Photo: Singer Rihanna performs onstage at the 2012 Coachella Valley Music & Arts Festival held at the Empire Polo Field on Sunday. Credit: Mark Davis/Getty Images for Coachella

Coachella 2012: Gotye's moment with 'Somebody That I Used to Know'

Gotye
Belgian-Australian singer-songwriter and multi-instrumentalist Gotye had two big concerns ahead of his debut at the Coachella Valley Music and Arts Festival on Sunday night: How hot would it be out in the desert, and how his massive hit, the understated lovelorn jam, “Somebody That I Used to Know,” would play out in front of the crowd. 

“I’ve played plenty of festivals in Australia. But none I’ve been to have been in the desert,” he laughed when he talked to The Times for a feature to run next week. “How much water do I need to drink to make sure I can sing on the Coachella stage?”

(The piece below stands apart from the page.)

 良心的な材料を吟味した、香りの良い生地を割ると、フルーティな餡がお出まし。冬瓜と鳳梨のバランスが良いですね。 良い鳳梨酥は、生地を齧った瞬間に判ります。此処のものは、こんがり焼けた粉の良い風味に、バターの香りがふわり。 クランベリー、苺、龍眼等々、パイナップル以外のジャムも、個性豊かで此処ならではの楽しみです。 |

COACHELLA 2012 | Full coverage

The 31-year-old artist born Wouter “Wally” De Backer, who performs under the often-mispronounced moniker Gotye (it's Go-tee-yay), made his Coachella debut the night after appearing for the first time on “Saturday Night Live” and the crowd in the Mojave Tent came to hear that hit, which is currently No. 2 on the U.S. pop chart.

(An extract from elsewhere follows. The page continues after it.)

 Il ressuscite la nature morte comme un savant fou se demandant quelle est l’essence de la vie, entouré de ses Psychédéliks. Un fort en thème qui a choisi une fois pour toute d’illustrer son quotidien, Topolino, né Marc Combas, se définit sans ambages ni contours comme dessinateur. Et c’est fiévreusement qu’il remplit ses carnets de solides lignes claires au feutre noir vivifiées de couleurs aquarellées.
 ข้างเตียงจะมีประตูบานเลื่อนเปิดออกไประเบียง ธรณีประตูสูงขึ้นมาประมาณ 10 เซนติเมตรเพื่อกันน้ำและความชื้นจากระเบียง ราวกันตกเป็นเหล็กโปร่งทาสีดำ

In just the past two weeks the guitar pop jam –- a duet with New Zealand breakout Kimbra –- has been covered on “Glee” and “The Voice.” Aerosmith's Steven Tyler admitted he keeps the song on repeat on his iPod during praising of a pair of contestants who covered the song on “American Idol,” and a YouTube cover from indie band Walk Off the Earth has amassed more than 82 million views (and a record deal). The official video for the single has been watched more than 154 million times. 

Needless to say, the song is everywhere and De Backer wanted the moment to be right.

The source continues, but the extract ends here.